Cookin (New York, NY)
This essay confirms for me that Viet Thanh Nguyen is one of our great American, yes, American. writers working today. I was born in Kentucky, but I too am ambivalent about what it means to be American, and Americanized. In some ways, I too am American not entirely by choice, but by circumstance. That is one way to becoming American. We need a country where our individual dualities and the ambiguities of our history are acknowledged, where we don't all need to pretend to relish the whole turkey to prove that we belong.
Mary Ritzmann (Germany)
Dear Professor Nguyen, Thank you for your thoughtful words. My family has lived in America since the turn of the 18th century, and we are also aware of the mythical nature of Thanksgiving.
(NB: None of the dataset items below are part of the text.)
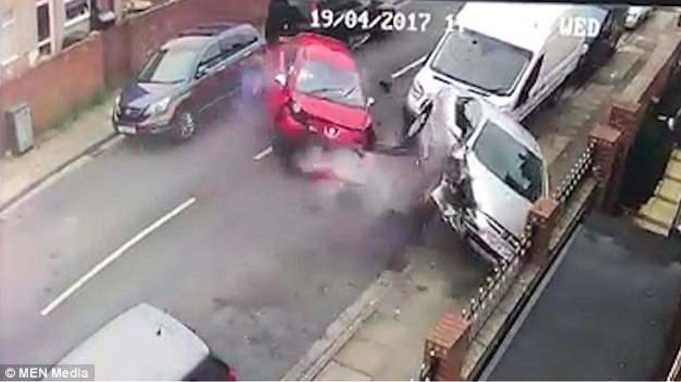 Στο βίντεο φαίνεται ξεκάθαρα η στιγμή που ένα κόκκινο αμάξι έρχεται με ταχύτητα από το δρόμο και ξαφνικά ξεφεύγει από την πορεία του και πέφτει πάνω σ' άλλα σταθμευμένα αμάξια, με τους κάτοικους της περιοχής να κοιτούν έντρομοι και σοκαρισμένοι το περιστατικό.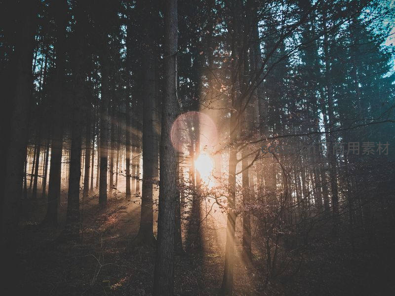 清晨的薄雾中,一缕缕金色阳光穿透树干间隙,在林间投下清晰的光柱,仿佛通往另一个世界的神秘通道。
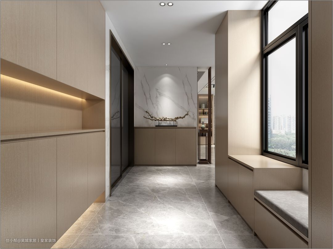 玄关装修效果图3.独立型,如果您家有独立空间的玄关,或者是入户花园,可以设计成独立的储物间,或者用来当做衣帽区、放置临时快递物品等,完美解决家里的收纳难题。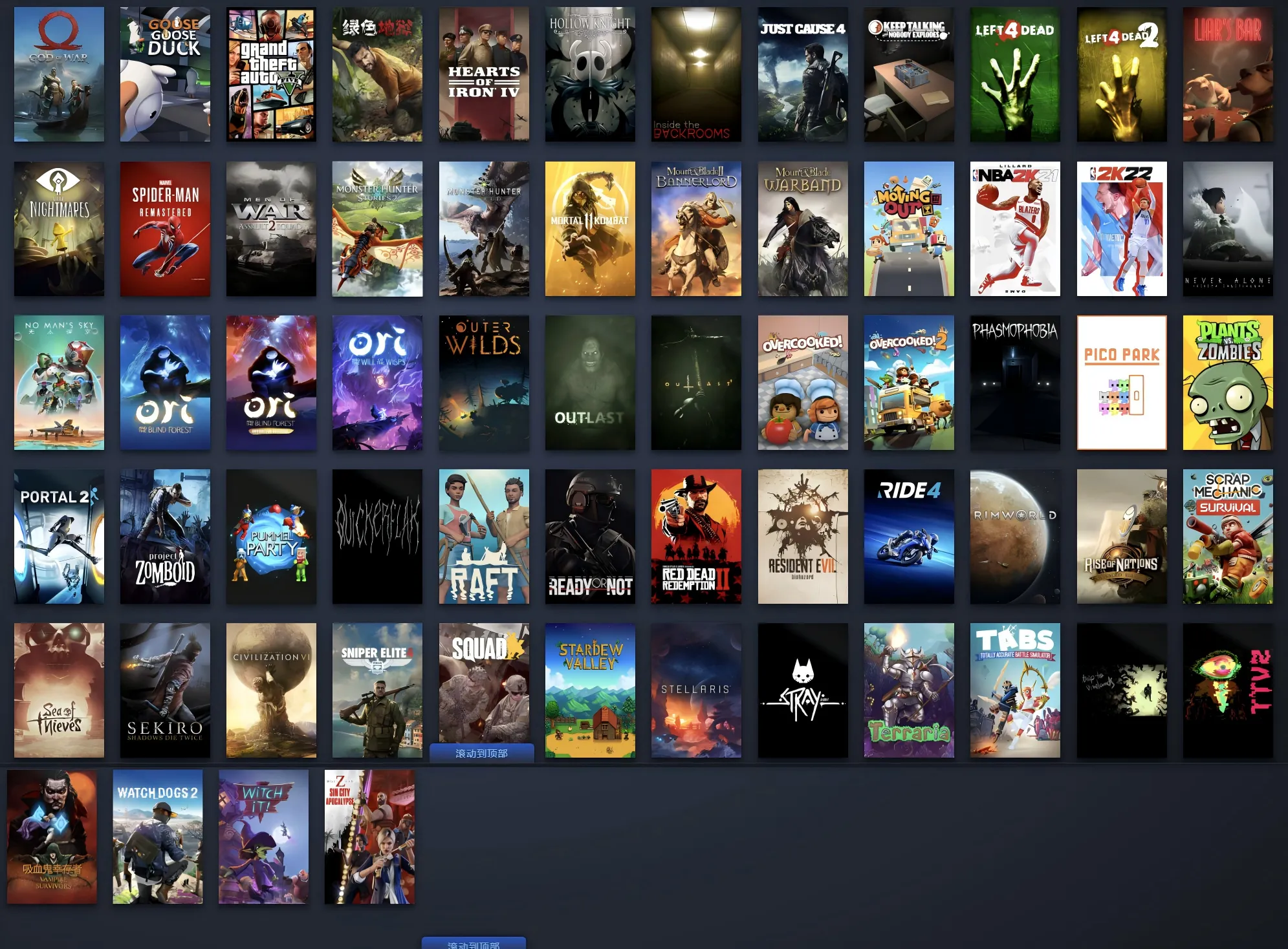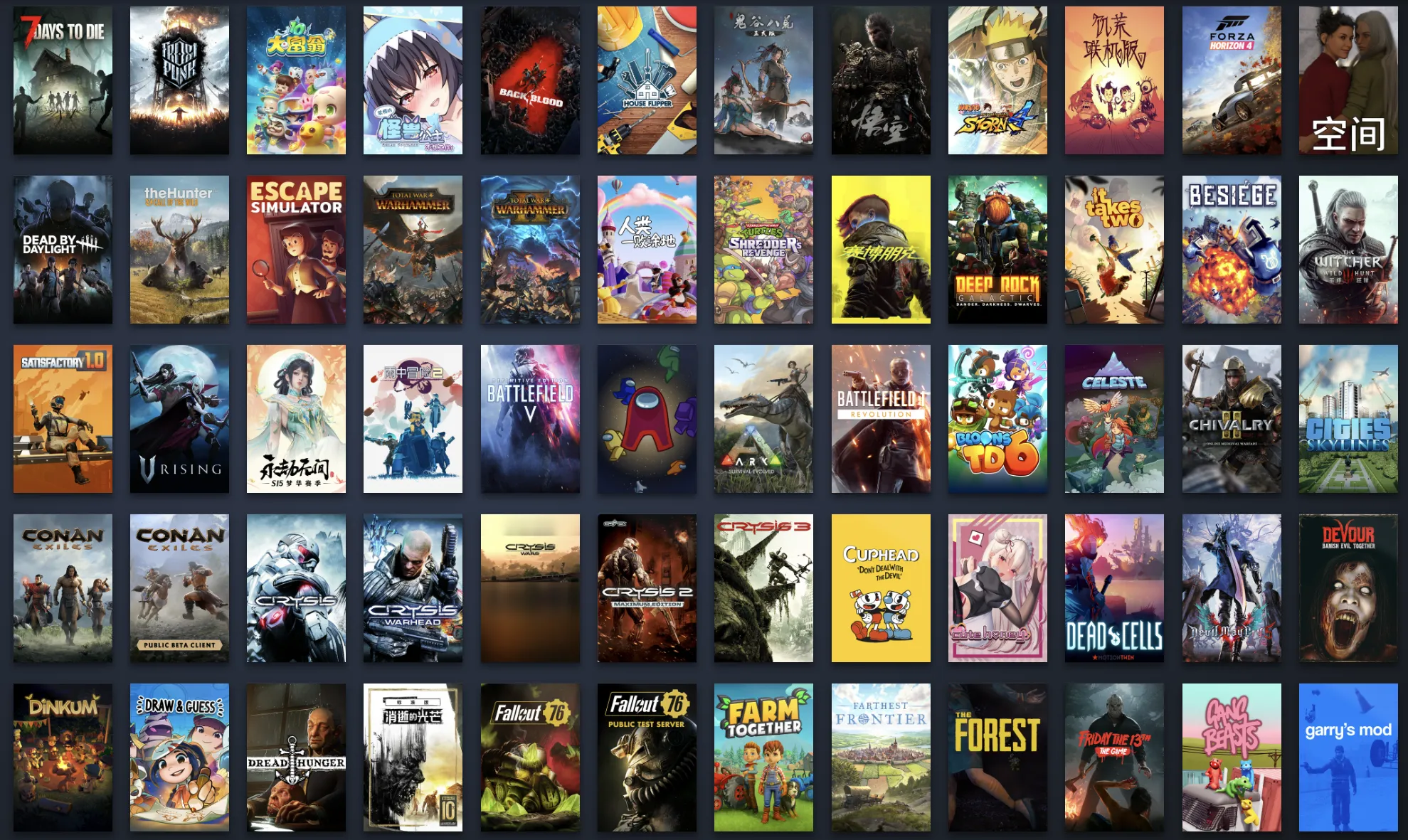 REPO、骗子酒吧、黑神话悟空、索尼漫威蜘蛛侠重置版/漫威蜘蛛侠复刻版(Marvel’s Spider-Man Remastered)、流浪猫/迷失预购版(Stray)、战地2042/战地风云2042、赛博朋克2077 (Cyberpunk 2077)、最远的边陲(Farthest Frontier)、皇家厨房 (crsed)、逃出生天 (A Way Out)、模拟人生4 (The Sims™ 4)、泰坦陨落1 (Titanfall™)、泰坦陨落2 (Titanfall® 2)、鬼谷八荒 (Lightning Games Official) 系列、双人成行 、NBA2K21、极限竞速:地平线4终极版、战地1、战地5/战地风云5、小小梦魇/小小噩梦 (Little Nightmares)、绝地求生、安抚(Pacify)、严阵以待(Ready Or Not)、恐鬼症/幽灵恐怖(Phasmophobia)、吞噬(DEVOUR)、幸福工厂(Satisfactory)、NBA 2K22/NBA2K22、恐惧饥饿/恐惧饥荒/海上狼人杀/大航海狼人杀(Dread Hunger)、围攻(Besiege)、盖瑞模组(Garry's Mod)、吸血鬼起义/吸血鬼崛起(V Rising)、全面战争战锤(Total War: WARHAMMER)、全面战争战锤2(Total War: WARHAMMER II)、人类一败涂地 ( Human Fall Flat)、永不孤单(Never Alone (Kisima Ingitchuna))、雨中冒险2(Risk of Rain 2)、僵尸毁灭工程(Project Zomboid)、巫师3狂猎(The Witcher 3: Wild Hunt)、揍击派对(pummel party)、海贼之海(Sea of Thieves)、战术小队(Squad)、骑士精神2(Chivalry 2)、茶杯头(Cuphead)、深岩银河系(Deep Rock Galactic)、房产达人(House Flipper)、星露谷物语(Stardew Valley)、迷失森林(The Forest)、木筏生存(Raft)、僵尸大战世界劫后余生豪华版(World War Z: Aftermath - Deluxe Edition)、饥荒联机版(Don't Starve Together)、狙击精英4豪华版(Sniper Elite 4 Deluxe Edition)、城市天际线豪华版(Cities: Skylines Deluxe Edition)、求生之路1,求生之路2( Left 4 Dead, Left 4 Dead 2)、《消逝的光芒》决定版(Dying Light)、泰拉瑞亚(Terraria)、钢铁雄心4军校生版(Hearts of Iron IV: Cadet Edition)、侠盗猎车手5豪华版/GTA5(Grand Theft Auto V:豪华版)。鬼泣5(Devil May Cry 5 + Vergil)、喋血复仇(Back 4 Blood)、黎明杀机(Dead by Daylight)、方舟生存进化(ARK: Survival Evolved)、骑马与砍杀1战团(Mount and Blade: Warband)、人渣(SCUM)、七日杀/7日杀(7 Days to Die)、废品机械师(Scrap Mechanic)、猎人荒野的呼唤(theHunter: Call of the Wild™)、13号星期五/十三号星期五(Friday the 13th: The Game)、逃生1(Outlast)、逃生2(Outlast 2)、气球塔防10(Bloons TD 6)、大富翁10(Richman 10)、空洞骑士(Hollow Knight)、胡闹厨房1/分手厨房1(Overcooked)、胡闹厨房2/分手厨房2(Overcooked!2)、胡闹搬家(Moving Out)、基佬大乱斗/小小萌人大乱斗(Gang Beasts)、极速骑行4终极版(RIDE 4)、在我们之间/天空狼人杀(Among Us)、一起农场(Farm Together)、忍者龟施莱德的复仇(Teenage Mutant Ninja Turtles: Shredder's Revenge)、真人快打11(Mortal Kombat 11)、绿色地狱/丛林地狱(Green Hell)、文明6豪华版(Sid Meier's Civilization VI : Platinum Edition)、只狼影视二度(Sekiro: Shadows Die Twice)、流放者柯南/蛮王柯南(Conan Exiles - Standard Edition)、死亡细胞(Dead Cells)、火影忍者 疾风传 终极风暴4(NARUTO SHIPPUDEN: Ultimate Ninja STORM 4)、传送门2(Portal 2)、密室逃脱模拟器(Escape Simulator)、女巫来了(Witch It)、怠惰的怪兽公主不想工作、你画我猜、骑马与砍杀2霸主(Mount & Blade II: Bannerlord)、荒野大镖客2/荒野大表哥2(Red Dead Redemption 2)、战神4(God of War)、看门狗2(Watch_Dogs2)、正当防卫4完整版(Just Cause 4 Co mplete Edition)、夜族崛起/吸血鬼幸存者(Vampire Survivors)、怪物猎人世界(Monster Hunter: World)、怪物猎人2毁灭之翼(Monster Hunter Stories 2: Wings of Ruin)、全面战争模拟器(Totally Accurate Battle Simulator)、群星(Stellaris - Galaxy Edition)、无人深空(No Man's Sky)、蒸汽朋克(Frostpunk)、辐射76(Fallout 76)、国家的崛起拓展版(Rise of Nations: Extended Edition)、环世界(RimWorld)、保持交流就无人爆炸/继续说话就无人爆炸(Keep Talking and Nobody Explodes)、战争之人突击小队2(Men of War: Assault Squad 2)、生化危机7(RESIDENT EVIL 7)、精灵与萤火日志(Ori and the Will of the Wisps)、奥日与黑暗森林/奥日与森林决定版( Ori and the Blind Forest: Definitive Edition)、猫公园(PICO PARK)、农场模拟类(Dinkum)、蔚蓝(Celeste)、星际拓荒(Outer Wilds)、深入后室/后室攻略/后室(Inside The Backrooms)、霓虹深渊

For us, it isn’t really about the bird - it’s more of a conversation piece to either scold or rejoice over. Thanksgiving is more about family and close friendships (our “chosen” family). I believe the old narrative of Pilgrims and Native Americans has been effectively debunked, but the meaning of Thanksgiving survives even without the myths. You, sir, are a true American who embraces the truth behind the both the tragic facts and the hopeful symbolism of our most American holiday. Just remember to enjoy yourself a little. Regards, Mary R.